Wali of Wilayah al-Qawkaz
- In office 23 June 2015 – 3 December 2016
- Preceded by: Position created

Emir of the Dagestani Front
- In office 8 August 2012 – January 2015
- Preceded by: Ibragimkhalil Daudov
- Succeeded by: Kamil Saidov (Said Kharakansky)

Personal details
- Born: 9 March 1981 Buynaksky District, Kalmyk ASSR, Soviet Union
- Died: 3 December 2016 (aged 35) near Makhachkala, Dagestan, Russia
- Nickname: Emir Abu Muhammad

Military service
- Allegiance: Caucasus Emirate (former) Islamic State
- Commands: Dagestan Front (former) Caucasus Province
- Battles/wars: Insurgency in the North Caucasus

= Rustam Asildarov =

Caucasus Emirate and ISIL member

Rustam Asildarov (Aselderov) (9 March 1981 – 3 December 2016), also known as Emir Abu Muhammad Kadarsky, was the leader of the Islamic State (IS) North Caucasus branch, and a former leader of the militant Caucasus Emirate's Vilayat Dagestan wing.

== Biography ==
Asildarov grew up in the Kadar region of the Buynaksky District in Russia's republic of Dagestan. During the late 1990s, the area became a regional center of Salafism and had de facto independence, before military operations in September 1999 brought it back under the control of the Russian state.

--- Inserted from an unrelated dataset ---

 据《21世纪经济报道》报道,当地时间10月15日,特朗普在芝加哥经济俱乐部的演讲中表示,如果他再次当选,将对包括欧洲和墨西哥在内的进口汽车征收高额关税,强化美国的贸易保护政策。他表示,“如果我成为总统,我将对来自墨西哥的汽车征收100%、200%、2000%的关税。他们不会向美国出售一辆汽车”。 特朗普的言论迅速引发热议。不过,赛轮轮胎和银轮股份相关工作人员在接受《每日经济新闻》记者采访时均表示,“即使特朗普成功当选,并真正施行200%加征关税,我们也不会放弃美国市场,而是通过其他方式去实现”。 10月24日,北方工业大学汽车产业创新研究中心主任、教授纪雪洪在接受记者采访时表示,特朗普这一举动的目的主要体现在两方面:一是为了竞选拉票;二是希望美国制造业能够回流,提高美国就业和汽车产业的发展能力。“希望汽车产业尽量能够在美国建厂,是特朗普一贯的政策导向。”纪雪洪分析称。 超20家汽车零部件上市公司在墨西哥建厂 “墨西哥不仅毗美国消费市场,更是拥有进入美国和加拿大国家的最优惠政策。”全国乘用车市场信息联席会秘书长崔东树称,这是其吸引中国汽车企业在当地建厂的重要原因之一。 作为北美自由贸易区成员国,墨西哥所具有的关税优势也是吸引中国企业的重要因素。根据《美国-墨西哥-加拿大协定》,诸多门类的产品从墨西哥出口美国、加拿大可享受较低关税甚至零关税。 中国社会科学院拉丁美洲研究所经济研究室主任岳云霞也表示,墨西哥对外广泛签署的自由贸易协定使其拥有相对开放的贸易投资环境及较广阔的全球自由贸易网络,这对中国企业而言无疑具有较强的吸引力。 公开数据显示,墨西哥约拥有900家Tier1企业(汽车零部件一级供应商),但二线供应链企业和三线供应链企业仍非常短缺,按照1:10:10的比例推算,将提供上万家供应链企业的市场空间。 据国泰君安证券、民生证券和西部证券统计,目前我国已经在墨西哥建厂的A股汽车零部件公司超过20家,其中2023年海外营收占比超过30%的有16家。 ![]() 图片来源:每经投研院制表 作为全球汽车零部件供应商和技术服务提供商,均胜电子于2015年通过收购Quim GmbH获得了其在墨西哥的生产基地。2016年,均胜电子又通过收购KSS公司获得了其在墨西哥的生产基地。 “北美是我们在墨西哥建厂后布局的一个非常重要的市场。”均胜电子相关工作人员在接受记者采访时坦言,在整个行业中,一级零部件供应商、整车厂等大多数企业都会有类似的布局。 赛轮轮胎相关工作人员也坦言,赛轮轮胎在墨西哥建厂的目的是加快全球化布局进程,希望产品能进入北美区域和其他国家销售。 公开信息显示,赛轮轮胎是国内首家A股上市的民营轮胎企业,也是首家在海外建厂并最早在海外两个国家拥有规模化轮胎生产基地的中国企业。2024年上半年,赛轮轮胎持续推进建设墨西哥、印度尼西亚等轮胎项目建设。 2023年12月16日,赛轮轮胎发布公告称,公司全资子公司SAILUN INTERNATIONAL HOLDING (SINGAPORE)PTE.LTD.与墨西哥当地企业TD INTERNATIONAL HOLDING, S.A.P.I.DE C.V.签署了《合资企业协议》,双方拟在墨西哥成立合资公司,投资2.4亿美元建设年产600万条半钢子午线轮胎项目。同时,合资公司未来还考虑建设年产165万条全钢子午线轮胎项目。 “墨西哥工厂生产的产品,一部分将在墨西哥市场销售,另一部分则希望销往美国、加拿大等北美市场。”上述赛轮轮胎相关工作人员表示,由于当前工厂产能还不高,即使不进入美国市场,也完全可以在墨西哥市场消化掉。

Asildarov became the leader of Vilayat Dagestan's Central Sector in May 2010, and on 8 August 2012, Caucasus Emirate's leader, Dokka Umarov, appointed Asildarov as the overall leader of Vilayat Dagestan, following the death of Ibragimkhalil Daudov.

In December 2014, a video clip of Asildarov was posted online, in which he retracted his oath of allegiance to Umarov's successor, Aliaskhab Kebekov, and pledged loyalty to Islamic State leader Abu Bakr al-Baghdadi. Kebekov responded days later with a video, in which he condemned Asildarov's "betrayal" and appointed Kamil Saidov as the new leader of Vilayat Dagestan.

In an audio statement on 23 June 2015, IS's spokesman Abu Mohammad al-Adnani accepted pledges of allegiance to the group made by North Caucasus militants, and announced the creation of a new Wilayat or Province covering the region. Adnani declared the leader of this new branch to be Abu Muhammad al-Qadari, a pseudonym of Asildarov.

On 29 September 2015, the United States Department of State added Asildarov to its list of Specially Designated Global Terrorists.

== Death ==
On 3 December 2016, the FSB announced that Asildarov and four close associates had been killed in an anti-terror raid near Makhachkala, Dagestan.